Он зашагал обратно, не оборачиваясь. Хлопнула дверь. Жертва надругательств застыла, всхлипнула.
– Что происходит? – пробормотала с дрожью в голосе медсестра Рита. – Я ничего не понимаю. Это как ужасный сон. У меня крыша едет.
– Крыша – это плохо, девушка, – проговорил из своей камеры Борисов. – Хотя теперь вам звезды видно.
– Какие звезды? Я не понимаю. А, это юмор такой.
– Да, и весьма неудачный в этой ситуации, – признал Борисов. – Как вы себя чувствуете?
– Отвратительно. Господи, это не люди, а звери какие-то. Нам каждый день внушают по телевизору, что все люди в украинской форме – благородные герои. Они борются за независимость против государства-агрессора, с ними сражаются маргиналы без морали и совести.
– На то и телевизор, Рита, чтобы пугать и вводить в заблуждение обывателя. Не спорю, возможно, в украинской армии есть и благородные рыцари, но я пока их не встречал. Лишь озлобленные фашисты-каратели, не видящие разницы между мирным жителем и человеком с оружием. Все в порядке, Рита, надеюсь, вы выберетесь из этой заварушки. Вы ни в чем не виноваты. Надеюсь, вас муж не потеряет?
– Муж?.. – Она продолжала разглядывать стену и с трудом смогла перевести мысли на другую тему. – Надеюсь, не потеряет. Мой муж, если честно, еще холостяк.
– Понятно, – сказал Борисов. – Попробуйте поспать. Не волнуйтесь, мне уже лучше, уход не обязателен. Сегодня должен прийти доктор Павлий. Возможно, он убедит начальника тюрьмы отпустить вас.
Но сделать это Павлию не удалось. Он и не усердствовал. В районе девяти часов вечера капитан Рысько доставил его на объект.
Доктор Павлий рысью пробежал по коридору, стараясь не глядеть по сторонам, осмотрел своего пациента и вздохнул с облегчением: никаких осложнений. Цвет лица пленника становился лучше, в отличие от глаз, затянутых тоскливой поволокой.
– Ну что ж, любезный, надеюсь, вы еще побегаете, – пробормотал доктор, испуганно косясь на камеру напротив, где под одеялом лежала Татьяна, а на полу и стенах поблескивала кровь. – Вам надо поменьше шевелиться, не волноваться. Не пытайтесь подняться, это может осложнить ситуацию. На всякий случай я привез вам костыли, они за дверью.
– Дмитрий Сергеевич, миленький, вытащите меня отсюда, – лихорадочно прошептала Рита. – Почему они меня здесь держат? Я же не заключенная. Можно прислать санитаров из военного госпиталя или еще откуда-то.

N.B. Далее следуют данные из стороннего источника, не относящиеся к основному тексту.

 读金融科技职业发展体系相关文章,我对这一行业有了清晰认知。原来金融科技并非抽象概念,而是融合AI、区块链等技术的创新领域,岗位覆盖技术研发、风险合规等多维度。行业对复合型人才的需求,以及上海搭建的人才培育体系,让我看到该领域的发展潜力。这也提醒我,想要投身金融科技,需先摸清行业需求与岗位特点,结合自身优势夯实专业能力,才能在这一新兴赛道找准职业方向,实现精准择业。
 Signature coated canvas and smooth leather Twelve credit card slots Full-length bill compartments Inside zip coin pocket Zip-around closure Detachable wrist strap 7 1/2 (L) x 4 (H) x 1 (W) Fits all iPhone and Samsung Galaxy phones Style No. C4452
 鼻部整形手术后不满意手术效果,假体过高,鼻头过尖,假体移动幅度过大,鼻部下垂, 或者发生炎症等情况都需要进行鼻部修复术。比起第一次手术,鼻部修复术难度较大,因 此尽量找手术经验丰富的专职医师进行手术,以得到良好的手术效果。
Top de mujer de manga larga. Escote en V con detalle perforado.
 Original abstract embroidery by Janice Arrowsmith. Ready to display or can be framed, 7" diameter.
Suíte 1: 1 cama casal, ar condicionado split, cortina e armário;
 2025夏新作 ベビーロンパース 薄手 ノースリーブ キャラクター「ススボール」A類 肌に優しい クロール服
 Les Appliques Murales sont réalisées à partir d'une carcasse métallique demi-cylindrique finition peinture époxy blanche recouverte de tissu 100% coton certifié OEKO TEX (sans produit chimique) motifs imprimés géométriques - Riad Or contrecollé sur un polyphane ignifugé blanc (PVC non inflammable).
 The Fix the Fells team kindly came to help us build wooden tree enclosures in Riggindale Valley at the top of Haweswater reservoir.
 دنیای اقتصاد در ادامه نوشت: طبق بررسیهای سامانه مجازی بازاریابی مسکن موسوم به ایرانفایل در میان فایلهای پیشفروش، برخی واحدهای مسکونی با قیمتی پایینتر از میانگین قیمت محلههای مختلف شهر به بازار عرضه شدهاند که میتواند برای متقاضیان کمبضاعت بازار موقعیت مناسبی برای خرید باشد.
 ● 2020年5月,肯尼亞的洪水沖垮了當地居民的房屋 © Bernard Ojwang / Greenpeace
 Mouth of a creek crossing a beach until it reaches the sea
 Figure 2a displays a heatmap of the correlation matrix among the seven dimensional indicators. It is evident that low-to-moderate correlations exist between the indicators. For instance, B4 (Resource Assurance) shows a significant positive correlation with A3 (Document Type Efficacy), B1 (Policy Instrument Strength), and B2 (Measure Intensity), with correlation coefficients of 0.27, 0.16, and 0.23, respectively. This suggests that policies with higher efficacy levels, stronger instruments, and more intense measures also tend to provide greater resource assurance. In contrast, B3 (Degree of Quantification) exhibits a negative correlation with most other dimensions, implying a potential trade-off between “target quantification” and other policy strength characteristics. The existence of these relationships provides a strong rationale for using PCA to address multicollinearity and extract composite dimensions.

Доктор побледнел, втянул голову в плечи.
– Рита, поверь, я не могу ничего сделать. – Он понизил голос. – Это жестокие непредсказуемые люди. Я их боюсь. Рита, прости меня, я не герой, а обычный врач. У меня жена, дети, внук недавно родился, ты же знаешь.
– Спасибо, что зашли, доктор. – В проеме вырос силуэт Войта. – Ваше время истекло, вас отвезут обратно. Вы же помните о подписке, которую давали? Нет смысла заново озвучивать ее суть?
– Нет, что вы, конечно, я ухожу. Лекарства есть, с больным все будет в порядке. Рита, если что-то понадобится для лечения, сообщи, пожалуйста, через господина майора. – Он так и ретировался, не попрощавшись, забыв вытянуть голову из плеч.